Os patches estão disponíveis para Rocky Linux 8.10, 9.7 e 10.1. Para aplicar, basta executar sudo dnf --refresh update 'kernel*' seguido de reboot. Uma nota importante: no Rocky Linux, o módulo algif_aead é compilado diretamente na imagem do kernel (CONFIG_CRYPTO_USER_API_AEAD=y), não como módulo carregável. A orientação que circulou em outros canais sobre desabilitar o módulo via rmmod não se aplica aqui — a atualização do kernel é a correção correta.

Dirty Frag: o segundo gatilho

Praticamente em paralelo, surgiu o Dirty Frag — outra vulnerabilidade de escalonamento de privilégios locais no kernel, também com exploit público disponível antes que as correções upstream estivessem amplamente distribuídas. Assim como o CopyFail, o Dirty Frag se destaca pela confiabilidade da exploração: pesquisadores de segurança caracterizaram o ataque como altamente determinístico, o que significa que qualquer atacante com acesso local tem um caminho direto para privilégios elevados. rockylinux

Ambientes que devem tratar isso com urgência especial incluem sistemas com múltiplos usuários e acesso via shell, workloads em containers e infraestrutura de CI, clusters HPC e sistemas universitários, além de qualquer ambiente multi-tenant onde o acesso local é compartilhado ou facilmente obtido.

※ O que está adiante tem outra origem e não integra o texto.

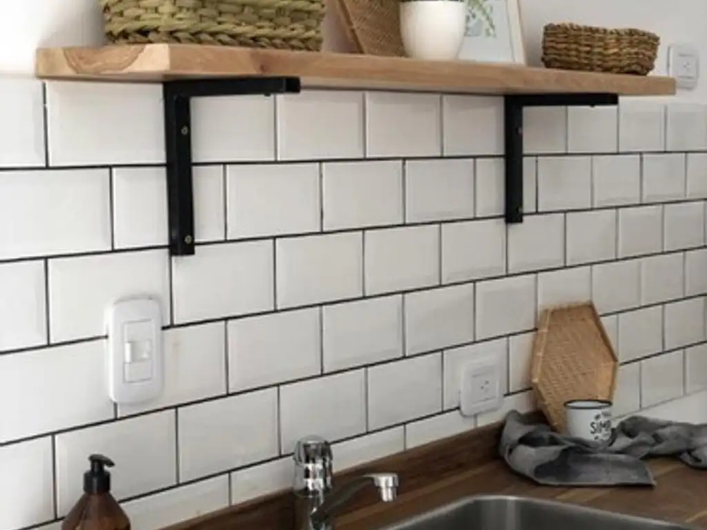 Living - comedor con pared de ladrillo, cocina integrada con muebles bajo mesada.
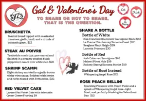 Gals & Vals, this one’s for you! Friday and Saturday night we’re serving up a special menu made for celebrating… and yes, our full regular
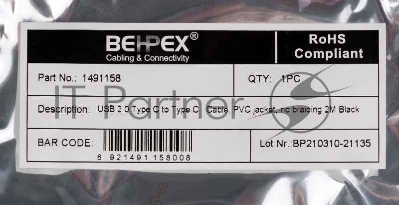 Кабель USB Type-C (m)-USB Type-C (m) 2м черный

Estações de trabalho de uso individual com acesso físico controlado têm risco menor, mas a atualização ainda é recomendada.

O repositório de segurança: uma exceção deliberada

A resposta do projeto a esses dois incidentes vai além dos patches pontuais. O Rocky Linux lançou um repositório de segurança opcional, projetado para um cenário específico e estreito: uma vulnerabilidade significativa é pública, o código de exploit existe, e os fixes upstream ainda não estão disponíveis. Esse é o critério. Não é um canal de fast-track de uso geral e não substitui o processo normal de release do Rocky Linux.

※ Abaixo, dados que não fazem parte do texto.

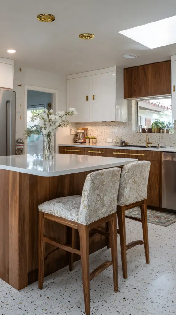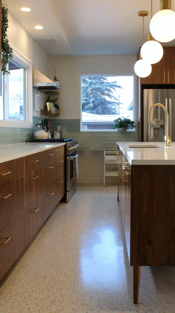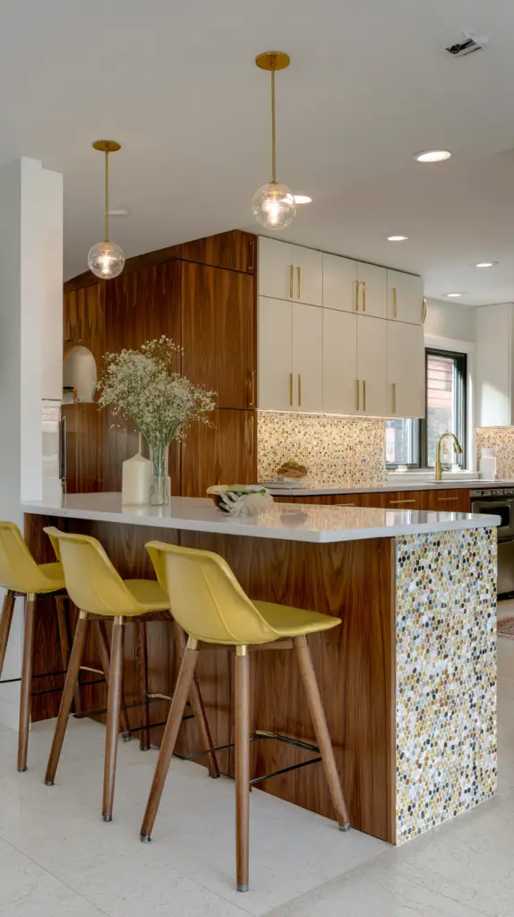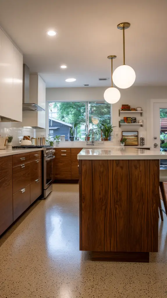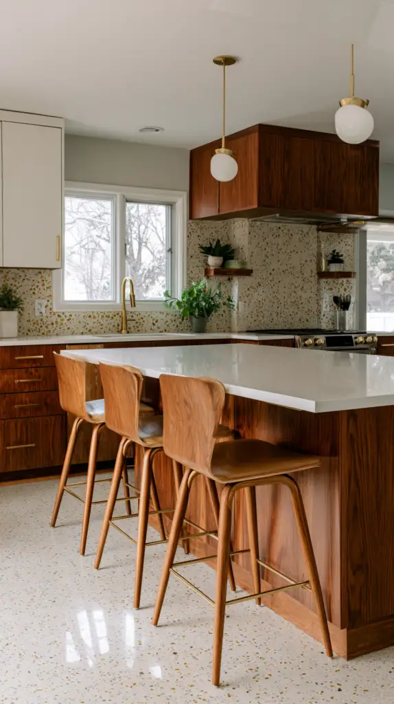 Did you know that mid-century modern design was heavily influenced by Scandinavian minimalism and Japanese simplicity? Incorporate elements like shoji screen-inspired cabinets or Danish teak furniture to add a worldly touch. It’s like taking your kitchen on a mini world tour.

Isso representa uma mudança de postura relevante. O Rocky Linux foi construído sobre um compromisso de se manter em sincronia com o Enterprise Linux upstream — sem surpresas, sem forks, sem desvios. Essa estabilidade é exatamente o que faz organizações confiarem o projeto com seus workloads de produção. Mas a estabilidade tem uma lacuna: quando uma vulnerabilidade séria é divulgada publicamente antes que os fixes upstream estejam amplamente disponíveis, os administradores ficam esperando, às vezes por dias, enquanto o código de exploit já circula.

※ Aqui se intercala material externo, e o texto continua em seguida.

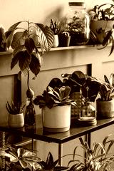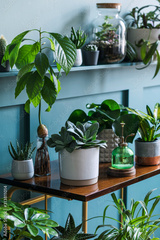 Stylish living room interior filled a lot of beautiful plants in different design pots on the brown retro shelf. Composition of home garden jungle. Modern home decor. Floral concept. Template.

O repositório fica desabilitado por padrão — isso é intencional. A experiência padrão do Rocky Linux permanece exatamente o que sempre foi: previsível, estável e totalmente compatível com o upstream. Administradores que queiram acesso a fixes acelerados podem ativar o repositório quando precisarem.

Os pacotes nesse repositório são explicitamente versionados para serem substituídos pelo próximo release upstream. Quando o Red Hat, por exemplo, publicar o fix dele, substituirá automaticamente o pacote do Rocky. Isso é intencional — o projeto quer que os usuários voltem para os pacotes alinhados ao upstream o mais rápido possível.

Para ativar pontualmente: sudo dnf --enablerepo=security update. Para habilitação permanente, basta configurar via DNF como qualquer outro repositório.

O que isso significa para quem usa Rocky em produção audiovisual

O Rocky Linux ocupa um lugar específico no ecossistema Linux para audiovisual: é a plataforma com suporte oficial da Blackmagic para o DaVinci Resolve e um dos principais ambientes de teste do Blender. Essa posição implica que muitas instalações rodam em máquinas com acesso local compartilhado — estações em salas de cor, servidores de render em rede interna, nodes de pipeline VFX. Exatamente o perfil de ambiente onde vulnerabilidades de escalonamento de privilégios locais têm impacto real.

A combinação de dois exploits públicos com alta confiabilidade de execução, surgindo em janela de dias, justifica a atualização imediata. O novo repositório de segurança, por sua vez, é um sinal positivo de maturidade do projeto: uma solução estrutural que não abandona o compromisso de compatibilidade com o upstream, mas reconhece que há momentos em que esperar tem custo.